Hi all, we've recently ramped up traffic to our Da...
# all-things-deployment
j
Hi all, we've recently ramped up traffic to our Datahub deployment and are seeing some issues handling the load in several dimensions(ingestion from the kafka emitter has relatively high latency, UI is starting to get a bit laggy, and we sometimes get errors in the UI loading large lineage graphs). Before we start digging into the various components and where things are getting bottlenecked, I was curious to hear from the community on how they have scaled their deployments and what issues they had to work through as load increased. Any feedback/insight is appreciated!
b
Hi there! @orange-night-91387 can provide some insight about our production settings .. a couple questions: • how are you deploying kafka, elastic, and mysql? Are you using self-hosted or cloud-hosted instances of these services? • how many replicates of gms are you deploying? are you separating mae consumer job from gms pods? • how much memory are you giving the GMS pod(s)?
plus1 1
j
sorry for the delay, I didn't actually handle any of the setup for this, and I'm not that up to speed on our config so I had to track some things down first.

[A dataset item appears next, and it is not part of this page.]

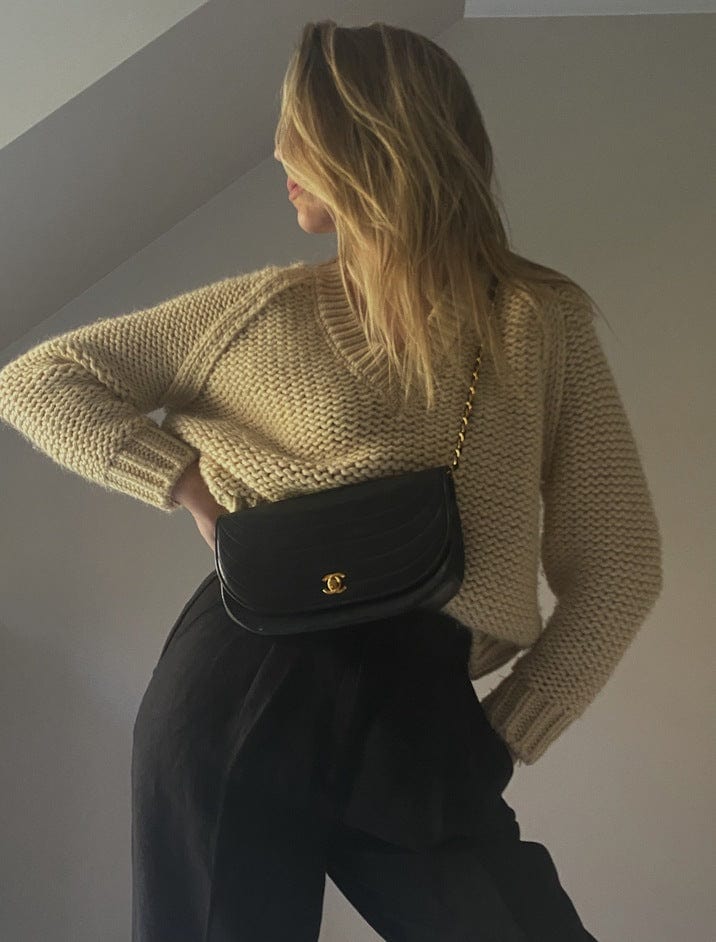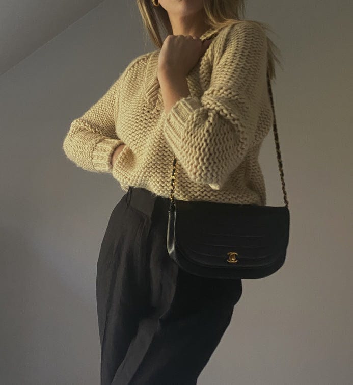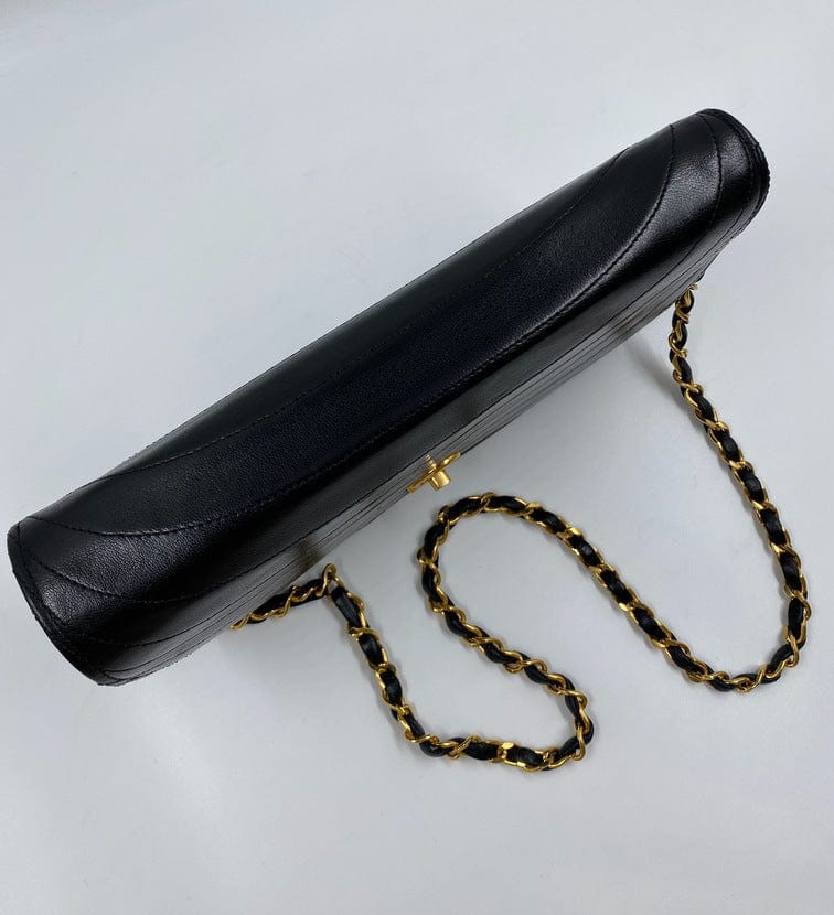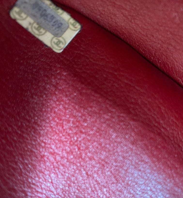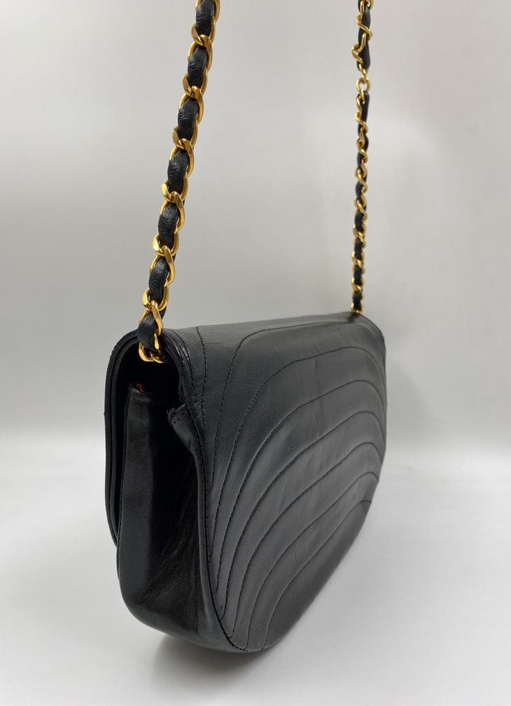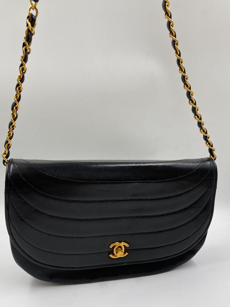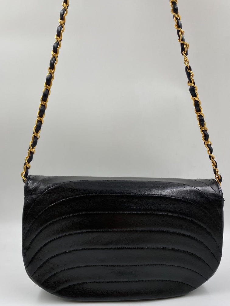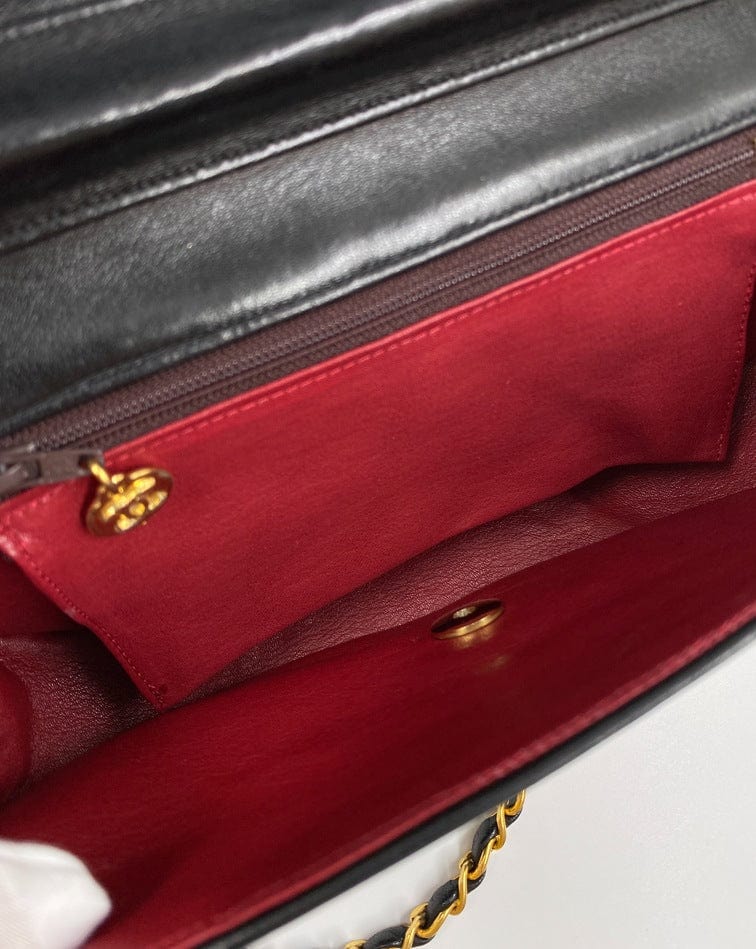 A beautiful vintage black flap Chanel crossbody bag with the iconic CC turn lock. There is a hallmark on the turn lock showing us that the gold hardware is plated in 24k gold. Chanel stopped plating with real gold in late 2008. There are some lovely Chanel branding details on this bag, under the flap the CC is stitched under the flap. Inside the bag the gold CC charm is still intact on the inner zip. From the serial number we know this bag was made between 1986-1988.
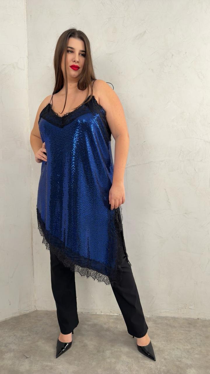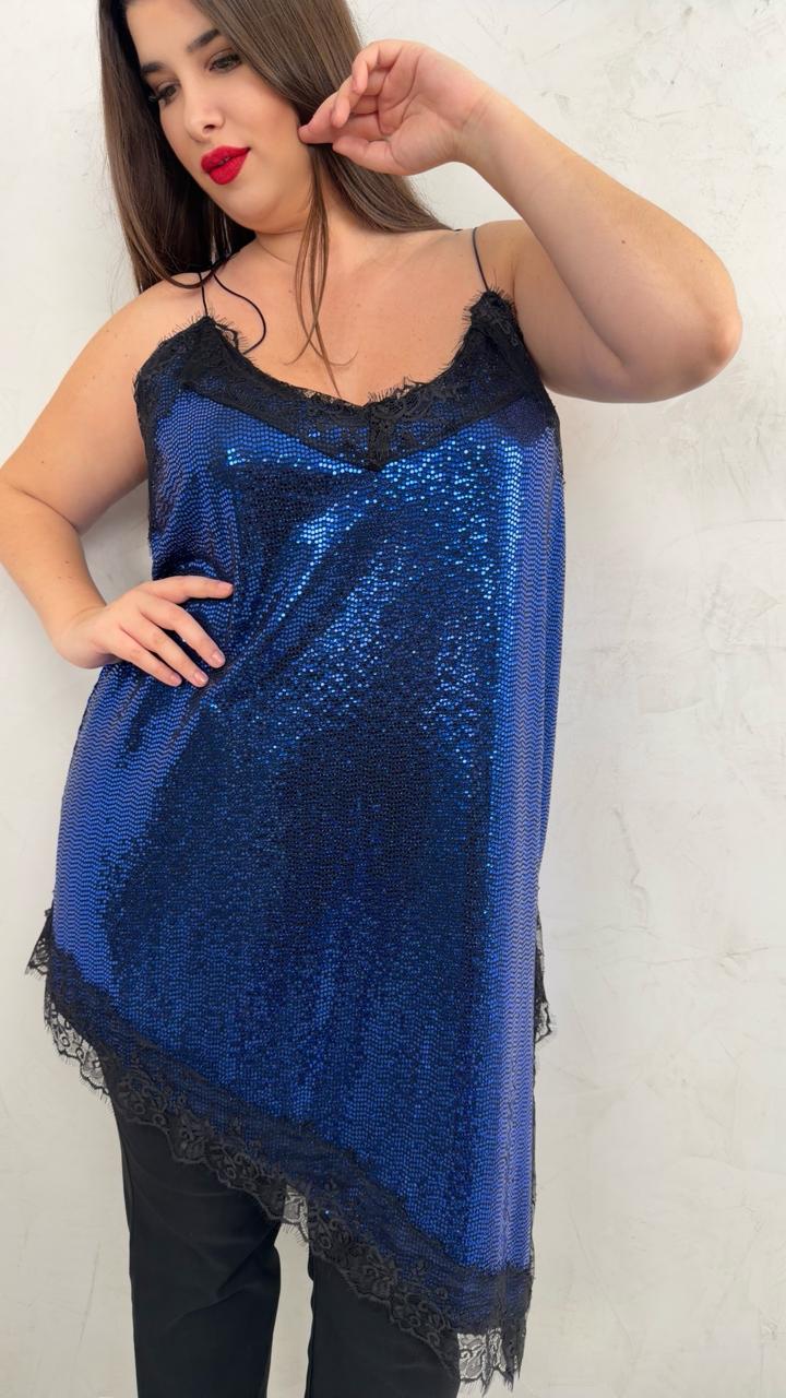 Μπλούζα με ψηλή τιράντα και εκλεπτυσμένες λεπτομέρειες από δαντέλα, σε ύφασμα που λαμπυρίζει με κολλητές παγιέτες.

• how are you deploying kafka, elastic, and mysql? Are you using self-hosted or cloud-hosted instances of these services?
we are using cloud hosted instances within our internal kafka/search deployments on top of aws.
• how many replicates of gms are you deploying? are you separating mae consumer job from gms pods?
looks like we are running 10 replicas. I don't see any separate config for the mce job, I'll have to circle back on this one.
• how much memory are you giving the GMS pod(s)?
again I'm not totally clear where this is getting set, but best I can tell looks like these are set to 4gb(which sounds low to me, but I don't have a lot of context). Our internal lead on this is out on right now, so I'm playing a bit of catch-up
cc: @orange-night-91387